A tal proposito, risulta utile il contributo di Gianpaolo Fabris, noto sociologo

italiano che, definendo degli stili di vita idealtipici, sviluppa un’analisi della società

individuando dei modelli approssimativamente fissi ed esaminando le modalità di

interazione degli individui rispetto alla realtà sociale in relazione al contesto di

appartenenza: dopo aver suddiviso la popolazione secondo caratteristiche oggettive,

valuta la vicinanza dei soggetti ad uno schema piuttosto che ad un altro.

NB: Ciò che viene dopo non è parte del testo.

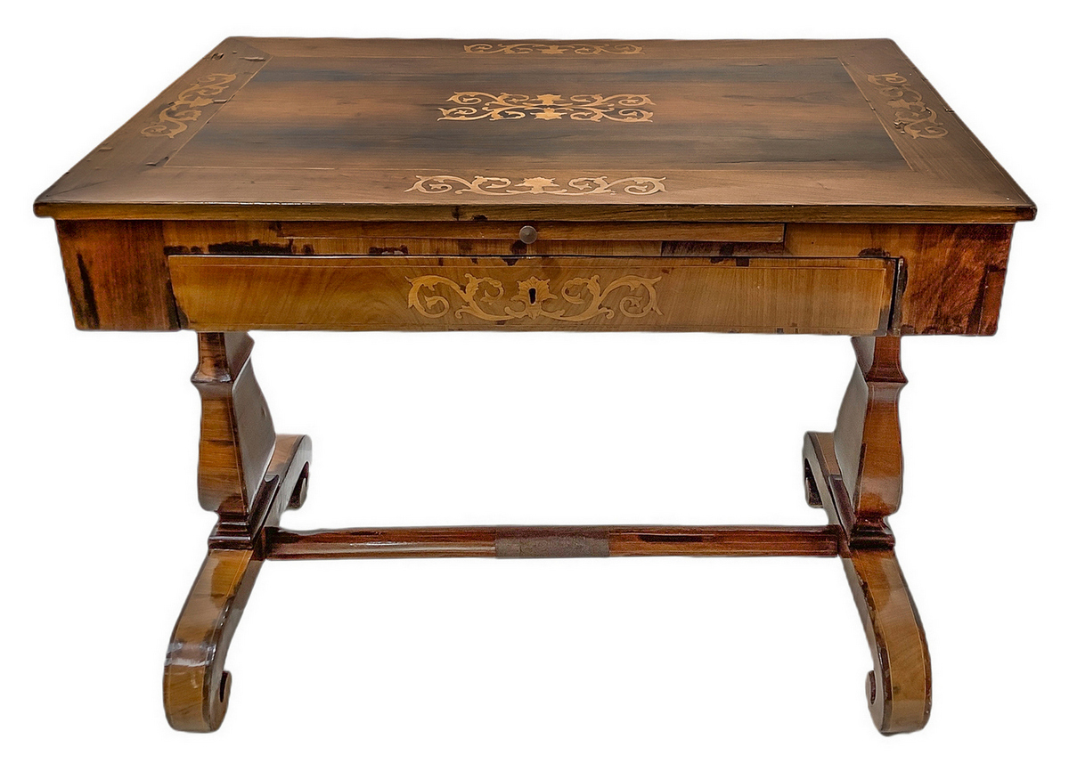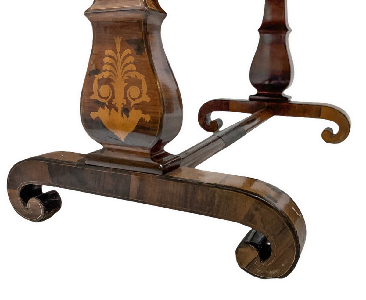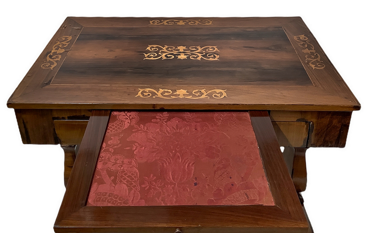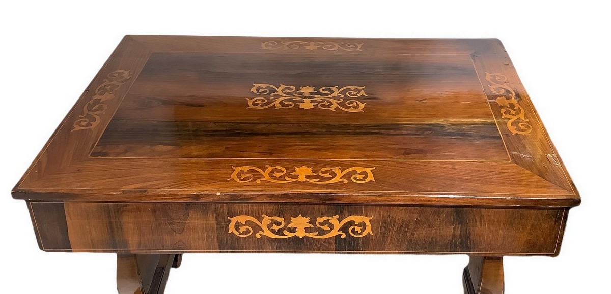 Scrittoio Carlo X in legno di palissandro con intarsi sul piano e ai lati. Gambe a lira con legaccio centrale. Cassetto centrale. XIX secolo. H cm 83. Larghezza cm 115. Profondità cm 73
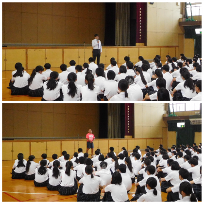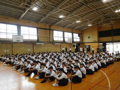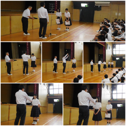 始業式のようすです。夏休み期間中に活躍した水泳部、バドミントン部、吹奏楽部の代表の人に表彰伝達を行いました。始業式では、校長先生、生活指導の先生から2学期に向けてのお話をしました。

Il processo di segmentazione, dunque, da un’impostazione socio-demografica

passa all’adozione degli stili di vita. In questo periodo, il criterio di funzionalità

applicato al consumo viene progressivamente sostituito da aspetti di immaterialità e

intangibilità. Nello specifico, gli stili di vita introducono due elementi di novità:

a) collegamento diretto tra stili di vita e comportamenti di consumo;

b) legami tra stile di vita e potere d’acquisto.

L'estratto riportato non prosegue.